Billie Piper (Her) in Yerma at the Young Vic. Photo by Johan Persson (4)

When her partner John (played by an excellent Brendan Cowell who moves from slightly embarrassed blokeishness through helpless incomprehension to eventual despair) agrees to make changes to his life to aid conception he asks for one concession in return. Will she give up replaying his life on the blog? She can’t. Without her audience, her life, it seems, isn’t real, isn’t enough. But what will make it enough is a baby. In the very first scene, she announces she wants to get pregnant. John is taken aback but agrees and ritually stamps (unsuccessfully) on her contraceptive pills. It is a rare moment of light relief. The rollercoaster has begun and over the next five years the obsession to have a child takes over their lives.

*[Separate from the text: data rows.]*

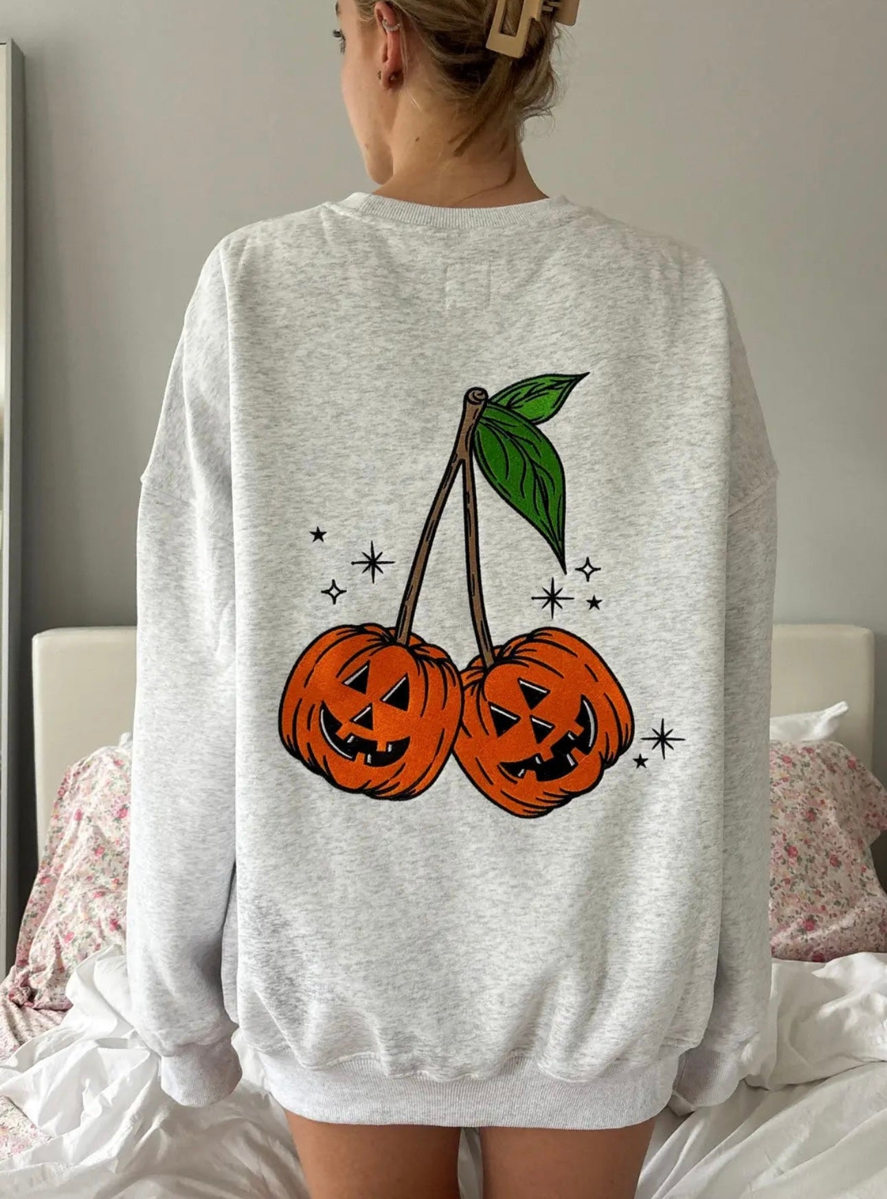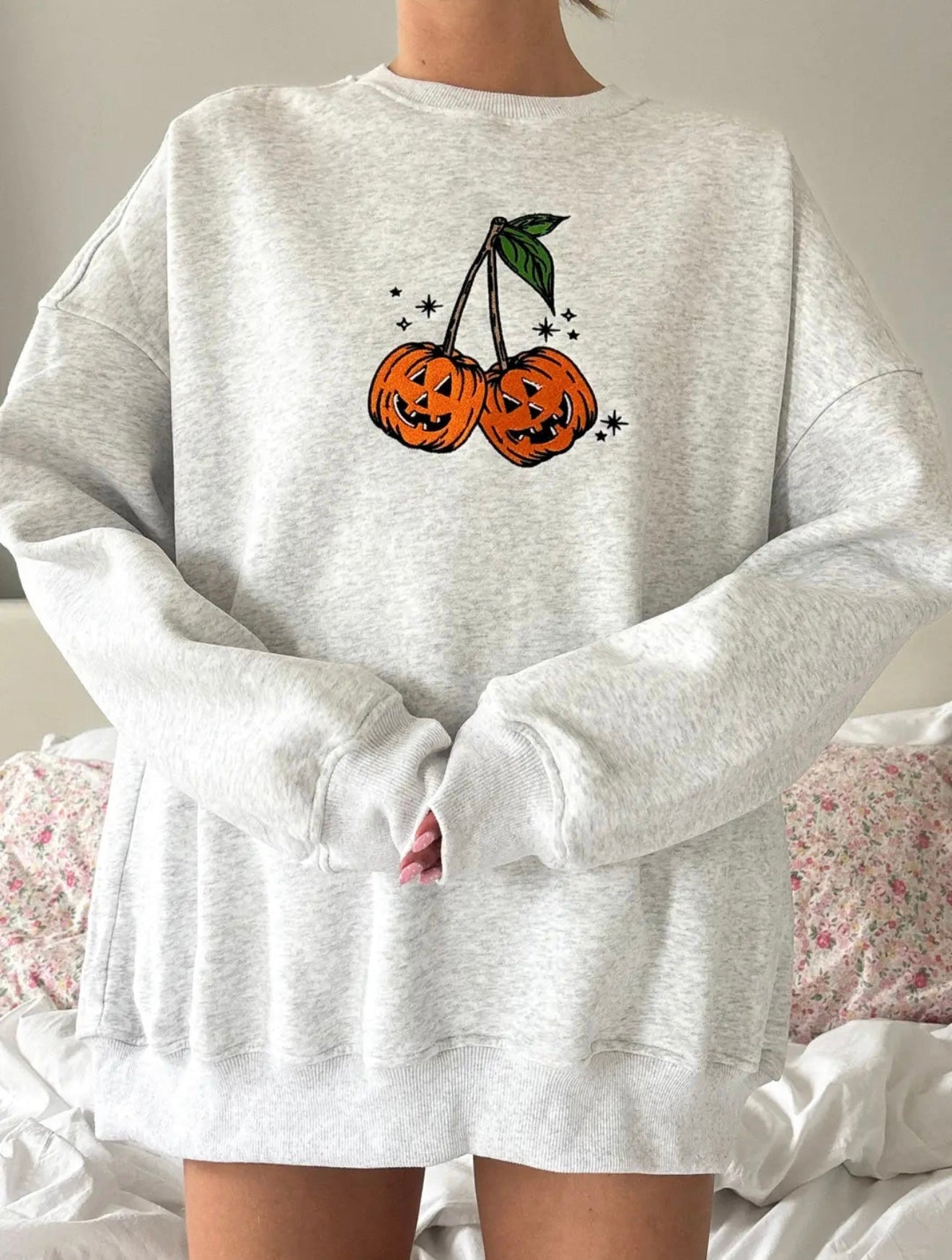 Celebrate fall in style with this embroidered pumpkin cherries sweatshirt, featuring an adorably festive design perfect for Halloween. Made from soft, cozy fabric, this pullover sweatshirt is a must-have seasonal staple for layering or lounging. The relaxed fit and playful embroidery make it a fun way to add charm to your autumn wardrobe. Pair it with jeans or leggings for a cute, casual look that’s perfect for pumpkin patches, trick-or-treating, or cozy nights in.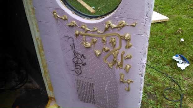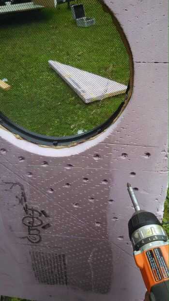 Con los agujeros de aburrido, inserte la punta de la sonda de PLpremium en el agujero y el agujero completo de la bomba que usted dejó el empuje de la punta vuelta hacia fuera. Desea que el agujero con un poco de pegamento burbujas sobre el agujero. Nada que pega a este perno"pegamento" se ancló profundamente en la espuma. Como cura el PLpremium se hincha, anclaje en la espuma.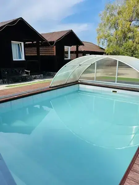 Тип бассейна: крытый бассейнВода в бассейне: подогреваемый бассейнРядом с бассейном: шезлонгиТемпература в бассейне: 0 °CПлощадь: 10 м²Время работы: от 09:00Глубина: 200 смБассейн работает круглогодично и накрыт пластиковым куполом. Зимой он подогревается и в нем приятно купаться в любую погоду. Летом подогрев отключен, но при этом температура воды остается комфортной. Основной уход за бассейном заключается в фильтрации воды 24/7, периодической чистке химическими препаратами, уборки осадка со дна чаши донным пылесосом.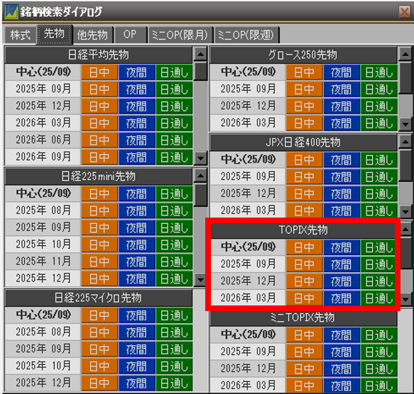 2025年5月26日(月)の日中立会より、「TOPIX先物」取扱限月の変更に伴い新たに追加された期先限月について、銘柄検索ダイアログ内へ表示されるようになりました。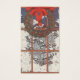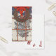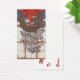 Vintage Illustration Frohe Weihnachts Weihnachtszeit Landschaft Design. Eine Schneeszene mit Blick auf Schneebäume im Wald und ein Haus in der Ferne durch ein 9-Fenster mit einem Kiefernkranz mit einem roten Bogen. Ein architektonisches Element.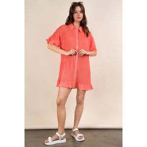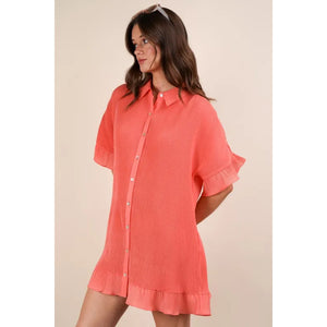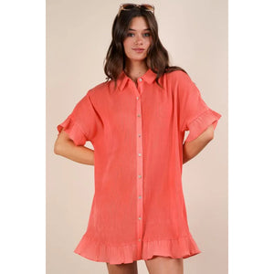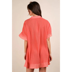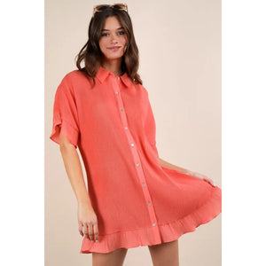 The Pleated Detail Button Down Mini Dress is a stylish and versatile piece for any occasion. Its pleated detailing adds a touch of sophistication, while the button-down design provides a classic look. This dress is perfect for both casual outings and more formal events. The mini length adds a playful vibe, making it easy to dress up or down. With its comfortable fit and flattering silhouette, this dress is sure to become a wardrobe favorite. Add some accessories and you're ready to turn heads wherever you go!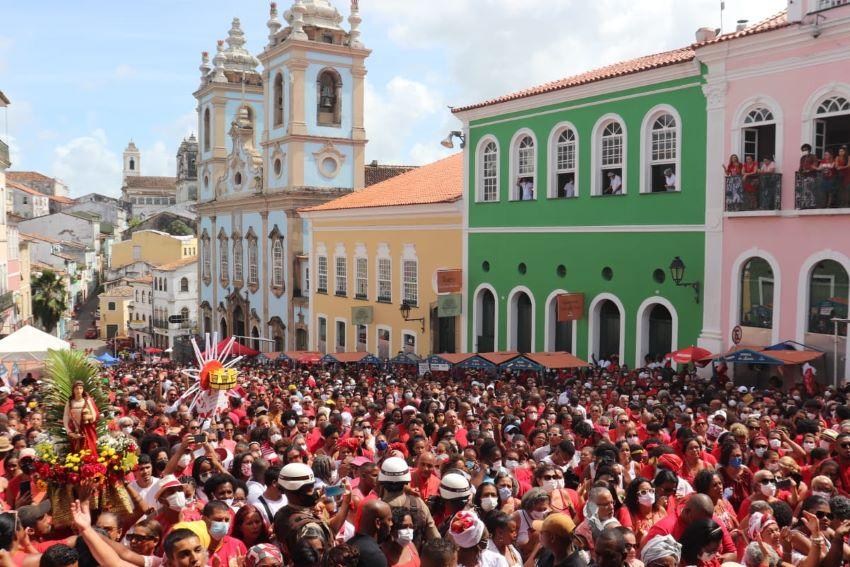 A emoção bateu forte na manhã deste 04 de dezembro no Pelourinho. A última vez em que a multidão de devotos formou o tapete vermelho e branco tradicional do Dia de Santa Bárbara havia sido em 2019, antes da pandemia. Após ter acontecido de forma restrita nos últimos dois anos, a festa da padroeira dos bombeiros e dos mercados retomou a tradição neste domingo, e a Missa Campal no largo acalentou os milhares de corações que se encontravam ali saudosos deste momento, e também gratos à Rainha dos raios pela proteção durante os tempos tempestuosos vividos.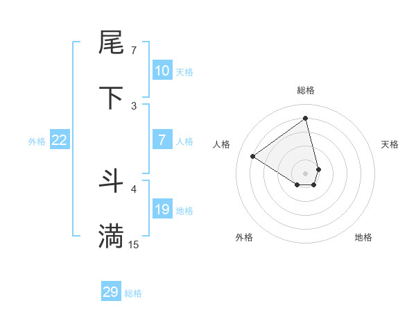 尾下 斗満さんの総格は29画の4点!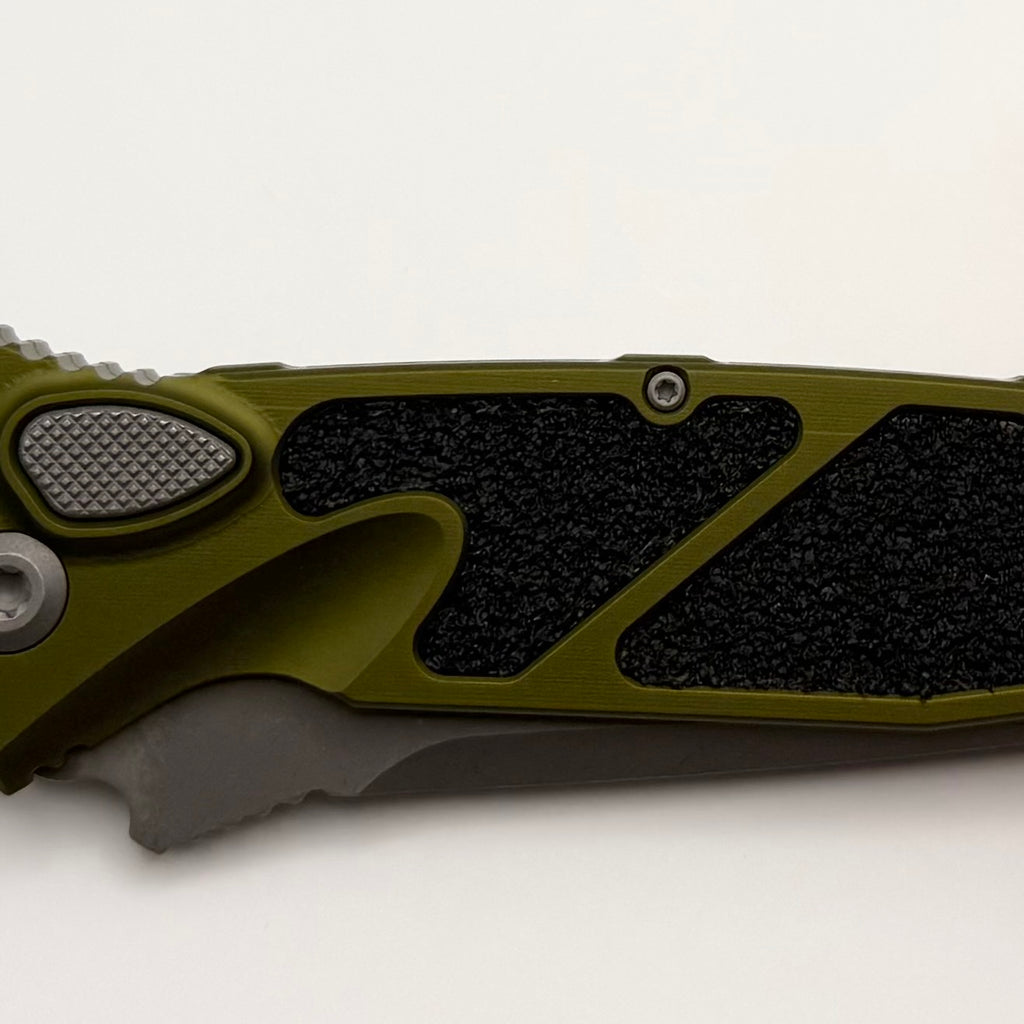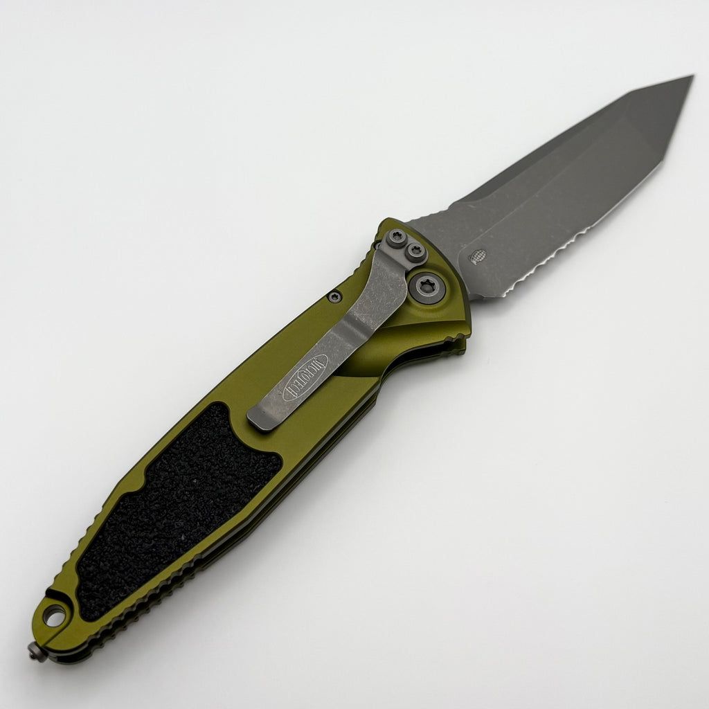 Factory Blem Microtech Socom Elite T/E Auto Partial Serrated Apocalyptic & OD Green 161A-11APOD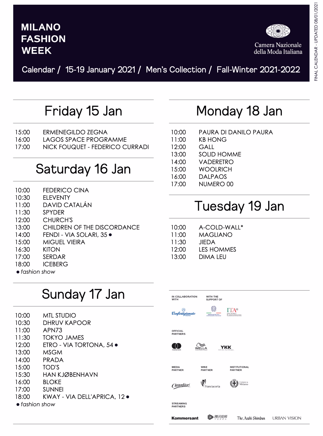 意大利国家时装商会(Camera Nazionale della Moda Italiana,以下简称 CNMI)主席 Carlo Capasa 此前曾表示,无论如何,米兰时装周将确保下一届男装周在1月举行,女装周在2月举行。他说:“我们将继续与巴黎时装周保持一致,并将重新采用实体形式。我们将根据目前的情况,评估(米兰)即将举行的数字秀的进展。是否举办 T 台秀将由各品牌自己决定。”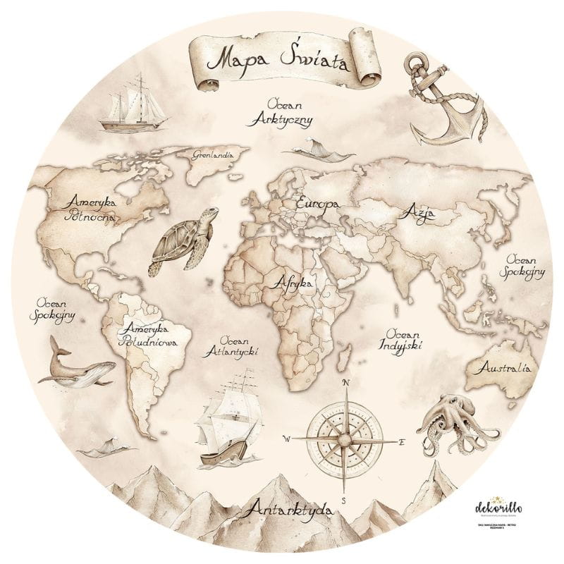 DEKORILLO - NAKLEJKA KOŁO MAPA ŚWIATA RETRO

There are a few other moments of humour, in particular whenever the marvellous Maureen Beattie (dry, Scottish, acerbic) who plays Piper’s wholly unmaternal mother appears. When she was pregnant she regarded her daughter as a “parasitic succubus” though she doesn’t regret having her. It had, after all, been entertaining watching her life. Equally unmotherly is Piper’s sister Mary who even suggests giving her son to Piper. When Mary gets pregnant again, Piper admits to “waves of relief” when she has a miscarriage. Of course she puts this in the blog which had been flagging but now gets a new lease of life. This is what people want the glowing Thalissa Teixeira, Piper’s assistant tells her, they lap this stuff up.

Billie Piper (Her) in Yerma at the Young Vic. Photo by Johan Persson (5)

How can these women who don’t seem to want children have them so easily? Piper gets more and more unhinged, obsessed with getting pregnant and careless about everyone around her. She meets up with Victor (John Macmillan), a former lover and tries to persuade him to get her pregnant. She refuses to consider adoption. She goes on a relentless endless round of IVF that leads to bankruptcy. In five years the funny, confident, sparky woman she was has turned her back on her partner, her family and the world. She can only look inside for the unborn son she so longs for. This is a tour de force performance from Billie Piper and a dazzling, harrowing production.